=== YOUR ASSIGNMENT ===
A word-for-word retyping of the listing below is required, with the pictures dropped.

=== RAW DATA ===

=-=-=-=-=

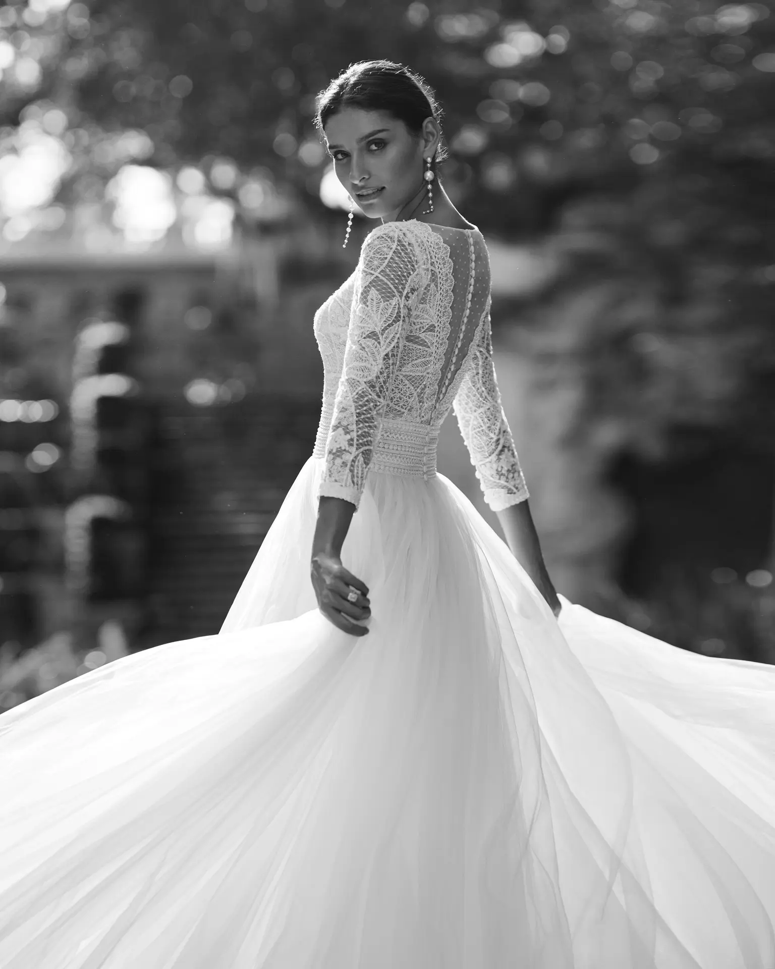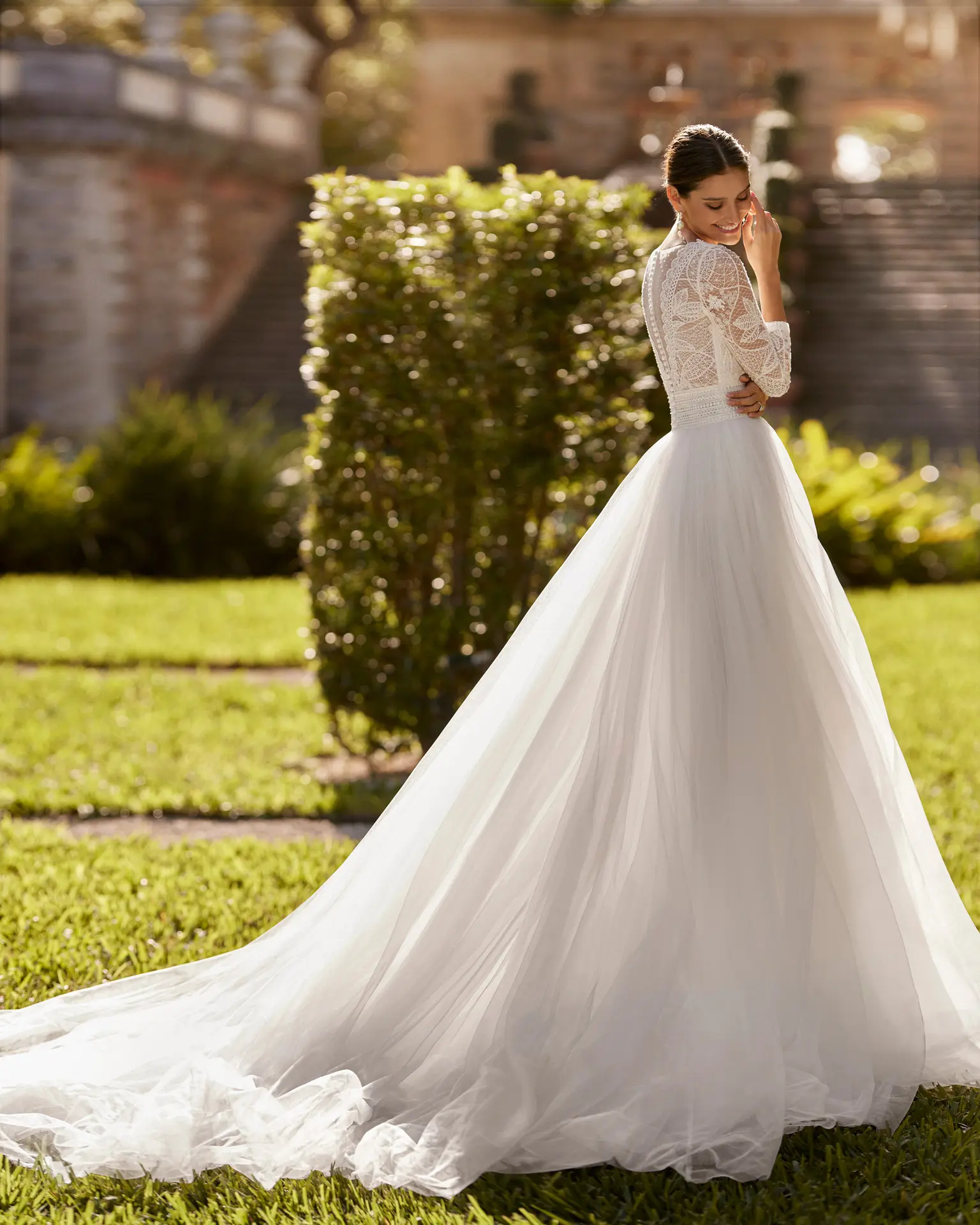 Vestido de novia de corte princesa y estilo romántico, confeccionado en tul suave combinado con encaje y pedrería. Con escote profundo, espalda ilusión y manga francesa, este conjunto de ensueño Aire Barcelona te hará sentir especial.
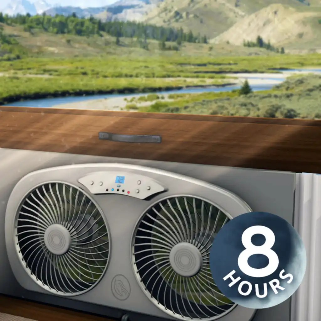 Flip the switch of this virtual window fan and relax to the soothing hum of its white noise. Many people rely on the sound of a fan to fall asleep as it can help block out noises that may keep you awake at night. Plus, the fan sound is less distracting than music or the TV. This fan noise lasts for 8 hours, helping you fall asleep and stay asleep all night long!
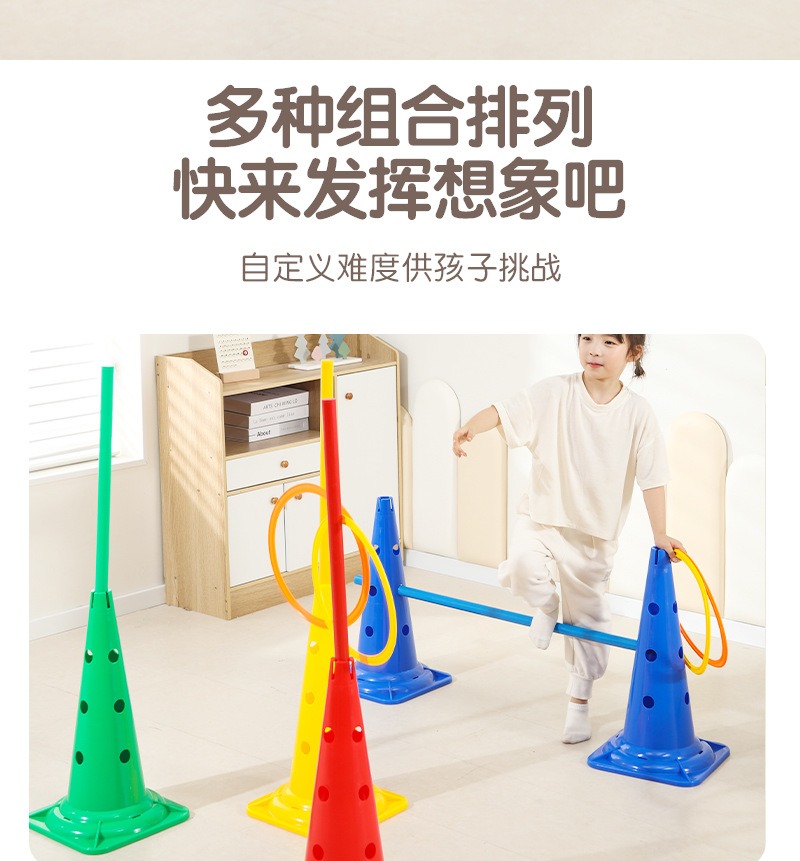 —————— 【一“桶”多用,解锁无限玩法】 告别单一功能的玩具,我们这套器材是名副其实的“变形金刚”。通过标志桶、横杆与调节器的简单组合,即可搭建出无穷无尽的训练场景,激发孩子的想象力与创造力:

=-=-=-=-=

=== OUTPUT BELOW ===
 Vestido de novia de corte princesa y estilo romántico, confeccionado en tul suave combinado con encaje y pedrería. Con escote profundo, espalda ilusión y manga francesa, este conjunto de ensueño Aire Barcelona te hará sentir especial.
 Flip the switch of this virtual window fan and relax to the soothing hum of its white noise. Many people rely on the sound of a fan to fall asleep as it can help block out noises that may keep you awake at night. Plus, the fan sound is less distracting than music or the TV. This fan noise lasts for 8 hours, helping you fall asleep and stay asleep all night long!
 —————— 【一“桶”多用,解锁无限玩法】 告别单一功能的玩具,我们这套器材是名副其实的“变形金刚”。通过标志桶、横杆与调节器的简单组合,即可搭建出无穷无尽的训练场景,激发孩子的想象力与创造力:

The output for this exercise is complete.